Book Reviews -- By: Anonymous

Journal: Journal of the Grace Evangelical Society
Volume: JOTGES 31:61 (Autumn 2018)
Article: Book Reviews
Author: Anonymous


Book Reviews

The Historical Reliability of the New Testament. By Craig Blomberg. Nashville, TN: B & H Academic, Lexham Press, 2016. 783 pp. Paper, $39.99.

Since my view of inerrancy is stricter than that of Blomberg, I began reading this book wondering if he would regularly question the historicity of the NT (i.e., would he say that it was historically reliable based on the standards of historiography when written, but it would not be historically reliable based on our current standards?). While his view on the Gospels is not totally to my liking, The Historical Reliability of the New Testament (THRNT) defends the historicity of the Gospels and the entire NT.

It is a mammoth book. However, despite its length, it really is not that hard of a read. For someone with a Th.B. or higher, I think THRNT will make perfect sense and will be relatively easy to follow. (For the layman this book may be heavy sledding, but it should still be readable.)

On the one hand, I was sorry to see Blomberg assert that the way to discern whether the Gospel writers and other ancient authors “erred in some of the statements they made” was “to have a feel for what would have counted as an error in the context in which the statement first appeared” (p. 26).

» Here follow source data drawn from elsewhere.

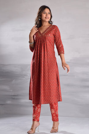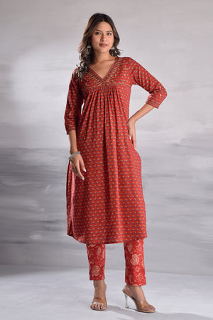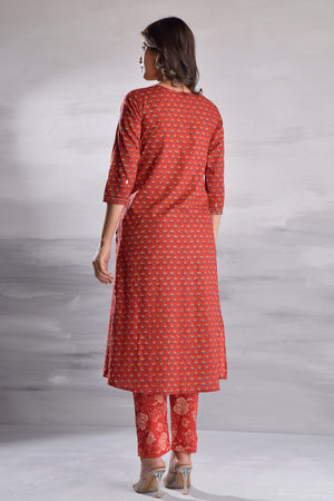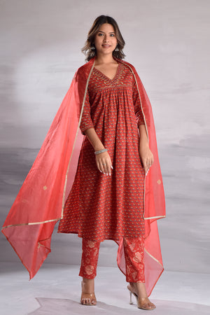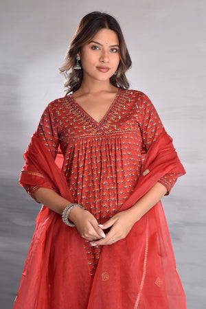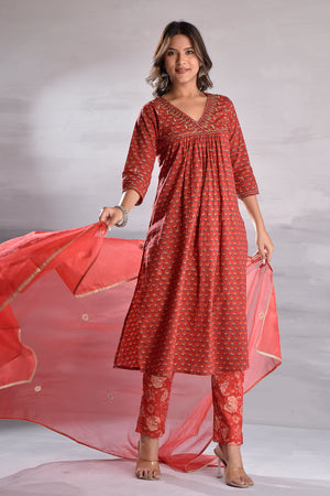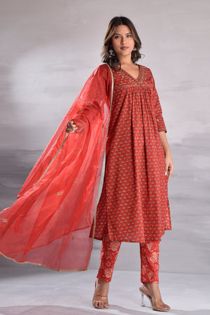 Red Printed With Handwork Cotton Kurta Set with Organza Dupatta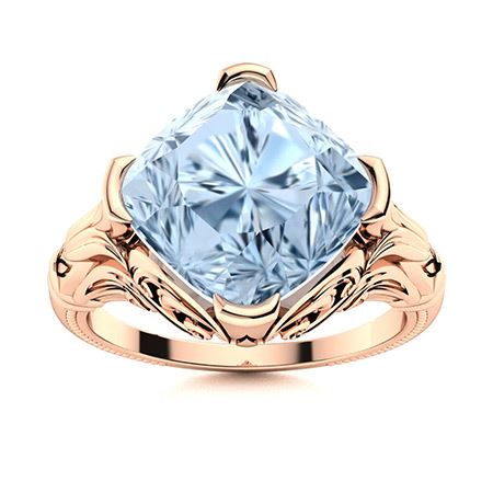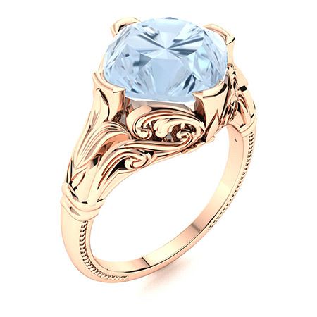 Natural 2.57 CTW Aquamarine Solitaire Ring 18K Rose Gold
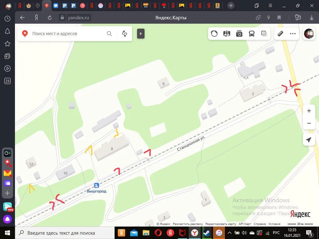 По словам молодого человека, село огромное - в нем имеется сельская библиотека, детский сад, школа, железнодорожная платформа 229 км и станция села Вышгород. Однако, на самой близкой к инфраструктуре улице нет необходимого - света. Читатель прислал нам карту, на которой красным цветом обозначены действующие фонари, а желтым - нерабочие.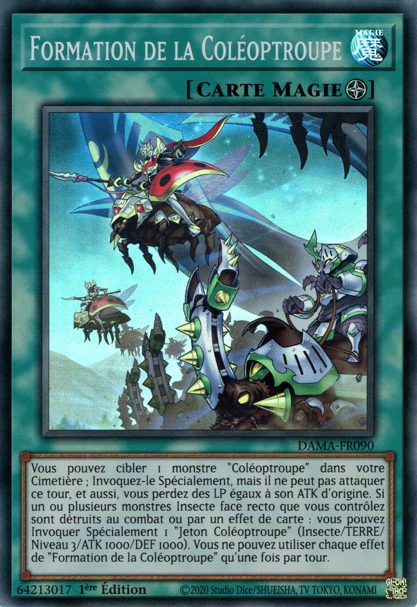 You can target 1 "Beetrooper" monster in your GY; Special Summon it, but it cannot attack this turn, also you lose LP equal to its original ATK. If a face-up Insect monster(s) you control is destroyed by battle or card effect: You can Special Summon 1 "Beetrooper Token" (Insect/EARTH/Level 3/ATK 1000/DEF 1000). You can only use each effect of "Beetrooper Formation" once per turn.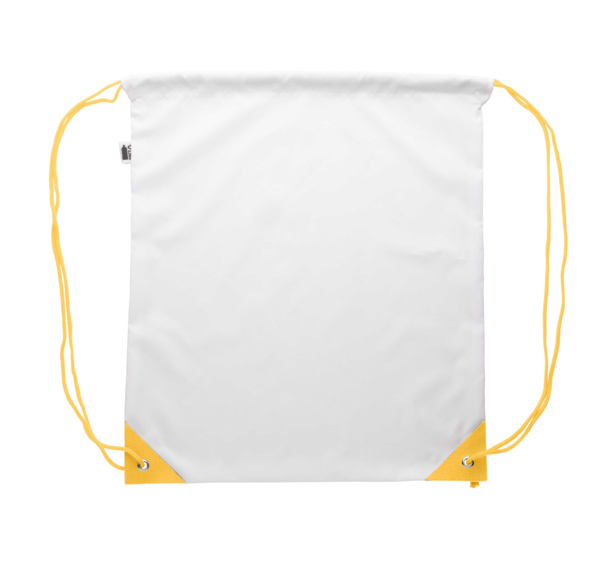 Personalizowany worek ze sznurkami ze wzmocnionymi rogami ze skóry PU i sznurkami w tym samym kolorze, poliester 190T RPET. Z nadrukowaną grafiką sublimacyjną i metką RPET. Min. ilość: 50 szt.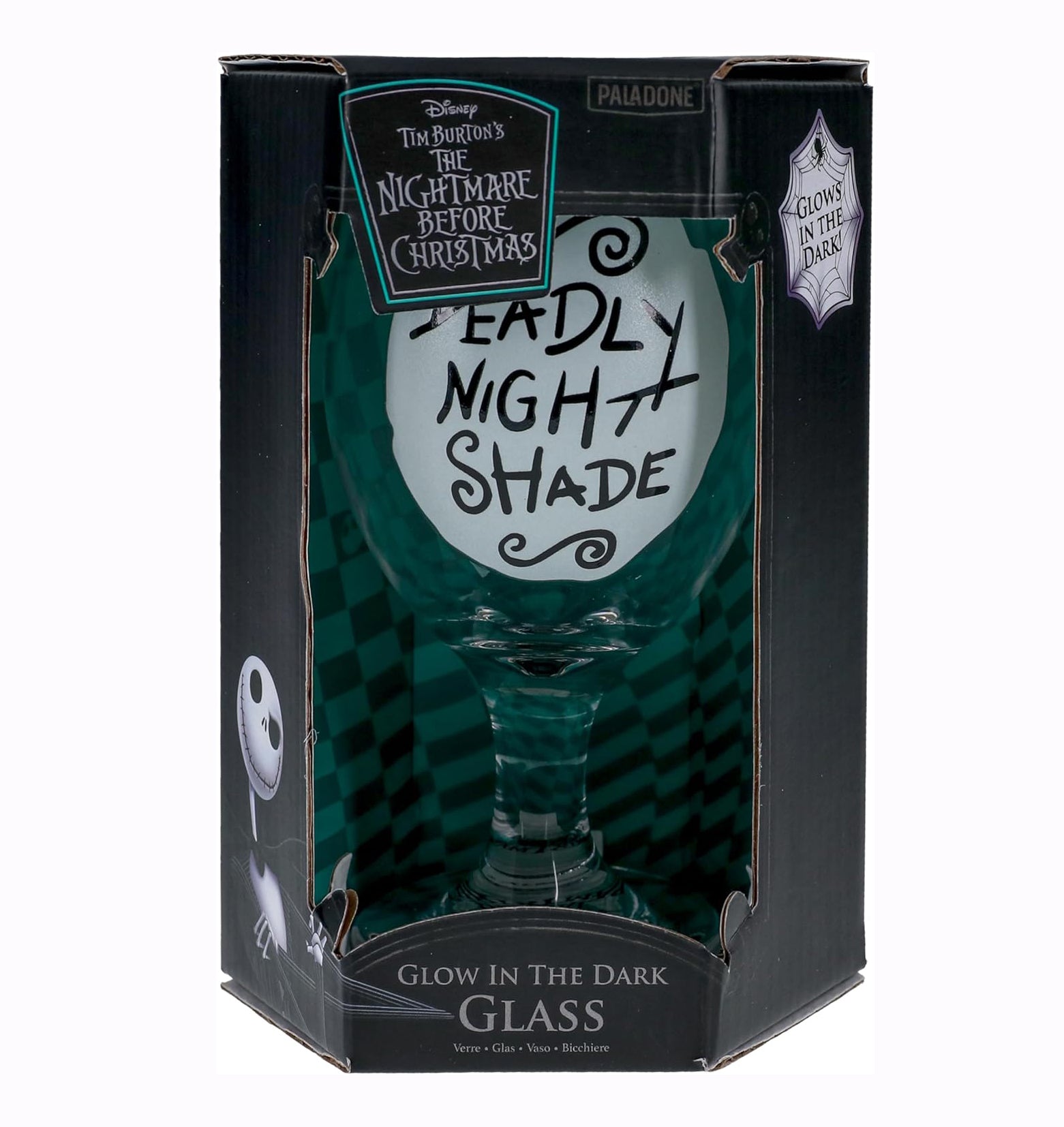 BRILLA EN LA OSCURIDAD: Experimenta el encanto de Pesadilla antes de Navidad de Tim Burton con este cristal que brilla en la oscuridad. Añade un toque inquietante a tu cocina y a tus vasos.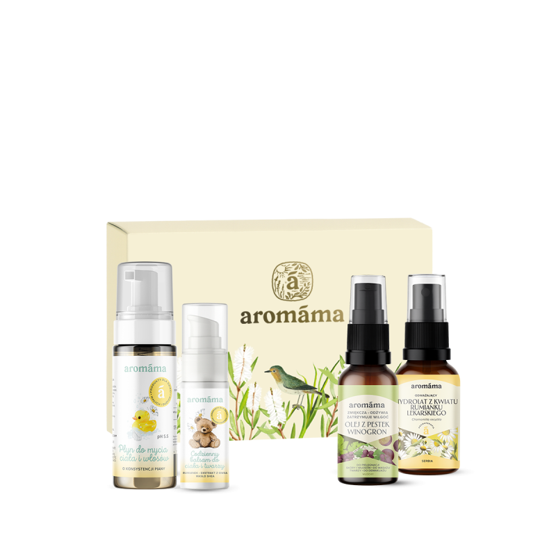 Łagodny rytuał pielęgnacyjny od pierwszych dni życia, idealny dla noworodków i niemowląt, a także świeżo upieczonych mam. Delikatna pianka myjąca oczyszcza skórę i włosy, nie podrażniając wrażliwej cery. Codzienny balsam odżywia i nawilża, a kojący hydrolat z rumianku przygotowuje skórę na aplikację kremu, wspierając komfort i miękkość. Uniwersalny olej z pestek winogron można stosować do masażu, pielęgnacji twarzy czy włosów, odżywiając i zatrzymując wilgoć. Idealny prezent, który łączy troskę o skórę najmłodszych z naturalną pielęgnacją mamy.
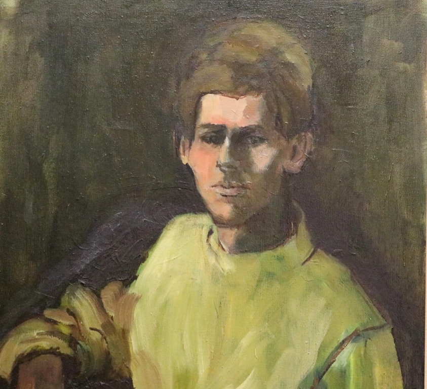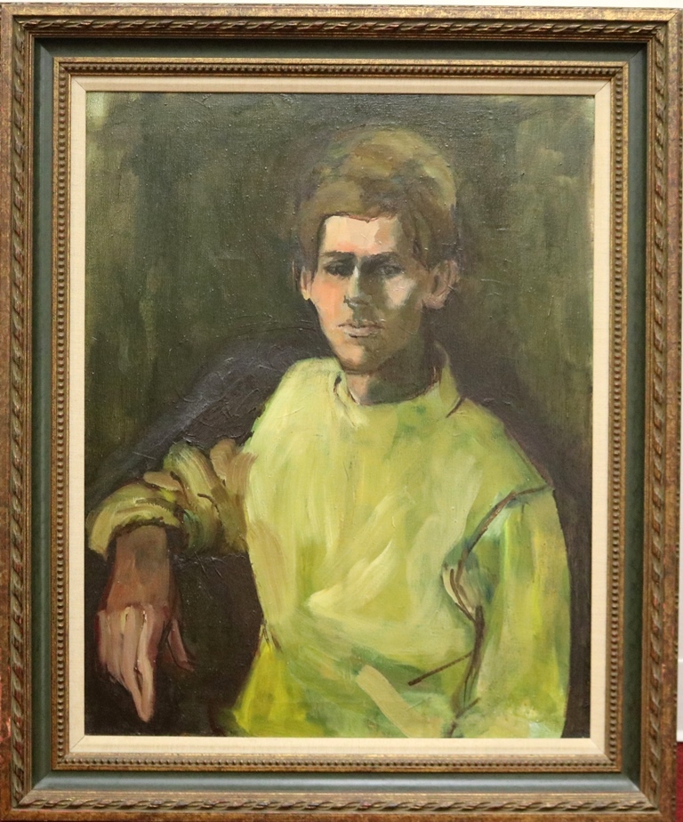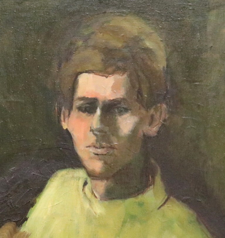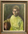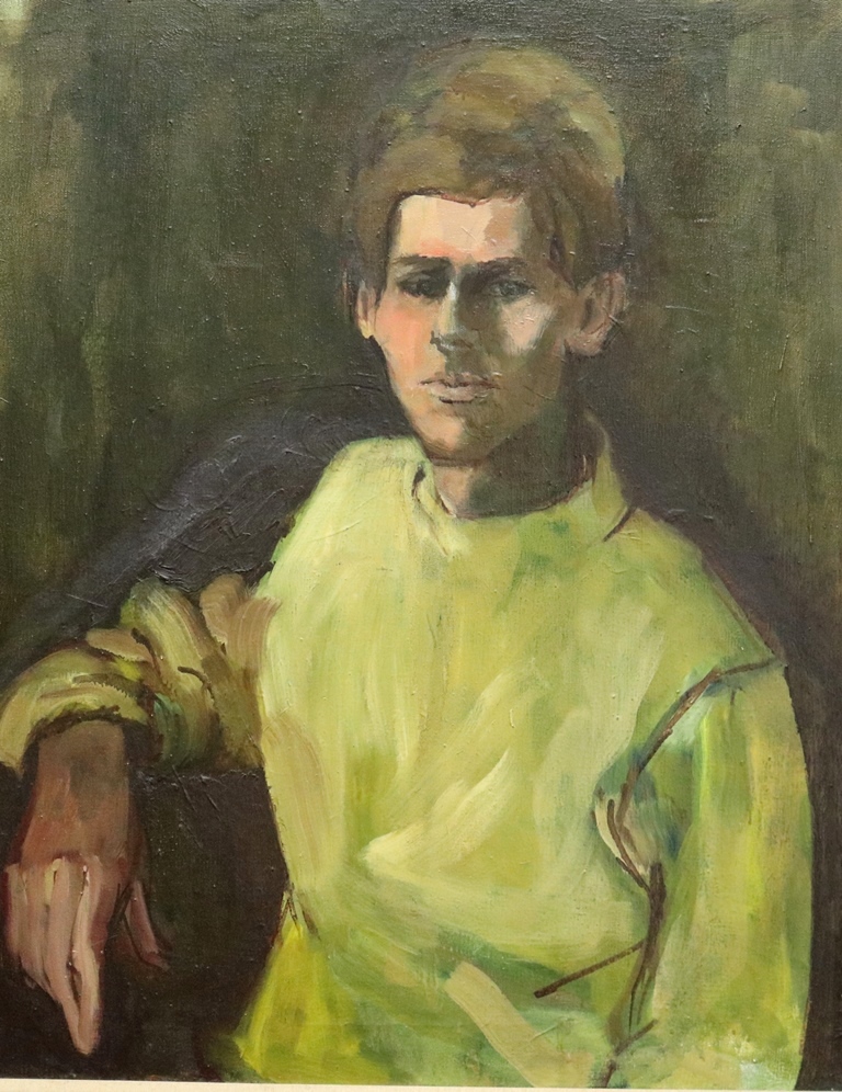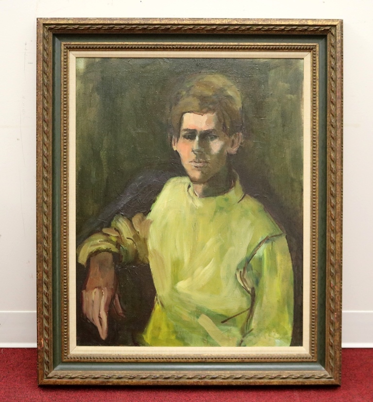 AMERICAN SCHOOL (20th century). Potrait of a young man in a yellow pullover, Oil on canvas. Unsigned. Framed. - 28 x 21 inches; frame: 35 x 29 inches

He went so far as to say, “concluding that the Gospels are biographical is not the same as deciding that everything in them actually happened” (p. 27). My understanding of inerrancy is that the Bible is without error based on the highest standards of historiography.

On the other hand, I was pleased to see that with many of the discrepancies in the Gospel accounts, Blomberg suggests reasonable harmonizations (e.g., pp. 77, 78, 84, 85–86, 88–90, 95–96, 100–108). Unfortunately, he rules out (or finds highly unlikely) what he calls “classic additive harmonization” (p. 72) and “purely additive harmonization” (pp. 87–88). He is referring to those who would simply add together what different Gospel writers say. For example, some say (myself included) that the Father said both, “You are My beloved

Son” and “This is My beloved Son” at Jesus’ baptism. Some think (myself included) that the centurion both sent representatives to Jesus and then later spoke with Him personally. In my opinion “additive harmonization” quite often tells us what actually happened.

While he seems to think it most likely that the cleansing of the temple in John 2 is “a topically or thematically relocated version of the incident” (p. 194), I was pleasantly surprised that Blomberg says that it is possible that the cleansing of the...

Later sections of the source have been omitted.